- 300g (10.5 oz) stir-fry Scotch Beef using rump or minute steaks, cut into strips
- 300g (10.5 oz) new or waxy potatoes, thickly sliced
- 1 tbsp olive oil
- 100g (3.5 oz) button mushrooms, halved
- 2 tsp paprika
- 500g jar tomato based cooking sauce
- 300ml (0.5pt) hot beef stock
- 2 tbsp natural yoghurt
- Freshly chopped parsley or chives (optional)
- Blanch the potatoes in boiling water for 3-4 minutes then drain thoroughly.
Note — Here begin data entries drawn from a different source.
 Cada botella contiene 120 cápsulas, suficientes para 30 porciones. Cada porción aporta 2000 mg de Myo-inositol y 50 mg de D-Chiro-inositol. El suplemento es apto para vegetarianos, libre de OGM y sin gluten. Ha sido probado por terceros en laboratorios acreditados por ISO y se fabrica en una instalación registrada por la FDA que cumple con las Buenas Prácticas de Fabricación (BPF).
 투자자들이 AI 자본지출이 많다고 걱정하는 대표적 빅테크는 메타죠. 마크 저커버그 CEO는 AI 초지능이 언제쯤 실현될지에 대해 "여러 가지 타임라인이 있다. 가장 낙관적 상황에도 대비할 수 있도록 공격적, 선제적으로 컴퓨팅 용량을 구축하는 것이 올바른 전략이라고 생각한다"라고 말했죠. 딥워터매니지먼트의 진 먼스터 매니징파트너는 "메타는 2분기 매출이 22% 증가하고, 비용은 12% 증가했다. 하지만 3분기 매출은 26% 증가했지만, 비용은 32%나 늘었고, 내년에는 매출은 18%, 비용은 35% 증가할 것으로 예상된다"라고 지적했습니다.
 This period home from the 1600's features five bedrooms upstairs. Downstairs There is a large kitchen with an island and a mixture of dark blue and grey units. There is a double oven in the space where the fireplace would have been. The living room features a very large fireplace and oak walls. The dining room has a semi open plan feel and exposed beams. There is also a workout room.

Meanwhile heat the oil in a wok or large frying pan and stir-fry the beef for 2-3 minutes or until browned.
- Add the mushrooms, paprika and potato slices, cook for a further minute.
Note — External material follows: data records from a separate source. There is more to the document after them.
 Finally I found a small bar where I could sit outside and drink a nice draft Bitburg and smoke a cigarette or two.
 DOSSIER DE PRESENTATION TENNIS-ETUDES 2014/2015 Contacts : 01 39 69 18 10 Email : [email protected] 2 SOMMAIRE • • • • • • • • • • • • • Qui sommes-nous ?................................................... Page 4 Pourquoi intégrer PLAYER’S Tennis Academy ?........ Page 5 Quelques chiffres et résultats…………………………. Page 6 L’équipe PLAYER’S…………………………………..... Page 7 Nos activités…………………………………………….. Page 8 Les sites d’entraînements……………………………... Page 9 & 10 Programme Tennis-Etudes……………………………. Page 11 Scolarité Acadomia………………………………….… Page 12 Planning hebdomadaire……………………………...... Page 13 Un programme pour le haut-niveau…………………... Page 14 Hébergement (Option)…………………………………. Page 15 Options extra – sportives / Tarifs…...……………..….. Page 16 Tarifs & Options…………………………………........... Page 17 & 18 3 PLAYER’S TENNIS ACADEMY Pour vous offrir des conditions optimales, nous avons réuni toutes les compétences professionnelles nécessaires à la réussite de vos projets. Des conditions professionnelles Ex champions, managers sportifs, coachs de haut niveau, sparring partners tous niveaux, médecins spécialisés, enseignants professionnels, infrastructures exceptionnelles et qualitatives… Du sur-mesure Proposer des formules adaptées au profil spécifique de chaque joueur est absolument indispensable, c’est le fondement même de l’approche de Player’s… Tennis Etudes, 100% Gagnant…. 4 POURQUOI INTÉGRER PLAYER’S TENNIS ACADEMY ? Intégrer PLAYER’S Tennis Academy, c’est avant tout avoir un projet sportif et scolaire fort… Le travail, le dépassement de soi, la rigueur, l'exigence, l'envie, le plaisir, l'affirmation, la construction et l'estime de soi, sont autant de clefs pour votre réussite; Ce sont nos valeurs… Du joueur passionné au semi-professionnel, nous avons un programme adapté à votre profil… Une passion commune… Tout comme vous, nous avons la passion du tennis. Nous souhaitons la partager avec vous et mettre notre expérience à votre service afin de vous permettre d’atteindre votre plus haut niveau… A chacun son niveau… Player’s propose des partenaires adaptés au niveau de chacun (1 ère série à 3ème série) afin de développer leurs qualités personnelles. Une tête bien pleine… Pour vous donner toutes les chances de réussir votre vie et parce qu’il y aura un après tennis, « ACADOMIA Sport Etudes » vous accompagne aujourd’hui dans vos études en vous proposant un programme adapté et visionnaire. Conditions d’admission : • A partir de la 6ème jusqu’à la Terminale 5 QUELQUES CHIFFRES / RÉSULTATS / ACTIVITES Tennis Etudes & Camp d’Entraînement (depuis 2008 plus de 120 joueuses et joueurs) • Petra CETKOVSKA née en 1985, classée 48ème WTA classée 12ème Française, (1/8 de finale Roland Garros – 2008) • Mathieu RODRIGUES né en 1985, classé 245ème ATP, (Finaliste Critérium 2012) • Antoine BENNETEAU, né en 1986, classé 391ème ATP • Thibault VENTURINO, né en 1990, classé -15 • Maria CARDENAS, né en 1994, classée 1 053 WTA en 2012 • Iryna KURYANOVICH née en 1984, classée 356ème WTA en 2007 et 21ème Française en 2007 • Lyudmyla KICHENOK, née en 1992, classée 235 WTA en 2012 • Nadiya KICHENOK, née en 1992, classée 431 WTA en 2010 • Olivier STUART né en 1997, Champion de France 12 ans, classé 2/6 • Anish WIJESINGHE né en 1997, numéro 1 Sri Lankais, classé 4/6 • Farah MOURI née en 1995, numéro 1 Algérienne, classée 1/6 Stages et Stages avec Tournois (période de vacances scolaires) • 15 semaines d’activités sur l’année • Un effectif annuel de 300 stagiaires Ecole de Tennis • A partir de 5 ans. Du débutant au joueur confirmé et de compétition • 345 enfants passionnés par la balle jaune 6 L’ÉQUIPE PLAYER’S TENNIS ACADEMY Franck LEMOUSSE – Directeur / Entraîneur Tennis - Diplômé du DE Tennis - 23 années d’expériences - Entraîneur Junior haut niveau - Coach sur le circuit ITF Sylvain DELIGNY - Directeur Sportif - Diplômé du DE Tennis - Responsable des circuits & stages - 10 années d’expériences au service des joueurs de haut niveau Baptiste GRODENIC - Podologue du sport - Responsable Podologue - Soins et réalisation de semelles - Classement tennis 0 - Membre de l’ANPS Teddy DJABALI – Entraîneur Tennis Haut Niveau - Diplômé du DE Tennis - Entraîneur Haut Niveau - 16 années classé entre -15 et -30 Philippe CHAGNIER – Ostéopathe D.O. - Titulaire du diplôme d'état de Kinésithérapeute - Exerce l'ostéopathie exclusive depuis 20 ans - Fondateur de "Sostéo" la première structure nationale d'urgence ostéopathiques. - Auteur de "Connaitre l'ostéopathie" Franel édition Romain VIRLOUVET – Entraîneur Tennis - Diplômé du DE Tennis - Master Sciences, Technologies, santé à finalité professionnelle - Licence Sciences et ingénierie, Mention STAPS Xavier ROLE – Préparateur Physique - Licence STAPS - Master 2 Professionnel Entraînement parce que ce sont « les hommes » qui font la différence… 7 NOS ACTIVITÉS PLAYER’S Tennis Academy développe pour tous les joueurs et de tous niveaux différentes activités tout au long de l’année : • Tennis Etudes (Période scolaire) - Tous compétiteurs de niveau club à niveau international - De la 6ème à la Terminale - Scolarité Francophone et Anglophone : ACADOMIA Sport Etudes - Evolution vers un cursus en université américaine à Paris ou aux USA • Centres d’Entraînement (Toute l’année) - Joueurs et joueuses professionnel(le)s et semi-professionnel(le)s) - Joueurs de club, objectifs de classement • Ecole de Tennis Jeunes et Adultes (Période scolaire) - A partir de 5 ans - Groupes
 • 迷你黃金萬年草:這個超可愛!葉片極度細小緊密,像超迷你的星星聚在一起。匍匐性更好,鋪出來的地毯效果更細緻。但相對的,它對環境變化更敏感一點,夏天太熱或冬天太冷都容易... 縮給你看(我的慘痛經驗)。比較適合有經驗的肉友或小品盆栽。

- Stir in the tomato sauce and stock, leave to gently simmer for 10 minutes longer to reduce and thicken the sauce if preferred.
Serve in bowls topped with a spoonful of yoghurt and fresh herbs or a dusting of paprika.
- Pork is often used in Goulash; replace the beef with stir-fry pork strips or fillet or loin steaks, cut into thin strips...and why not add a green or red pepper, deseeded and cut into strips for an extra serving of vegetables.
- If time is of the essence serve this Goulash as a chunky soup - or simmer for longer and accompany with fresh vegetables and crusty bread for mopping...
- Scotch Beef Minute steak or stir-fry beef strips are ideal for quick cooking - lean and low in fat too.
- For a slow cook Goulash, use Scotch beef casserole, shoulder or featherblade, cubed and cooked with the above ingredients in a lidded casserole for 2.5 hours at 140 C / Fan 120 C /Gas Mark 1. Add a little more stock if required halfway through cooking.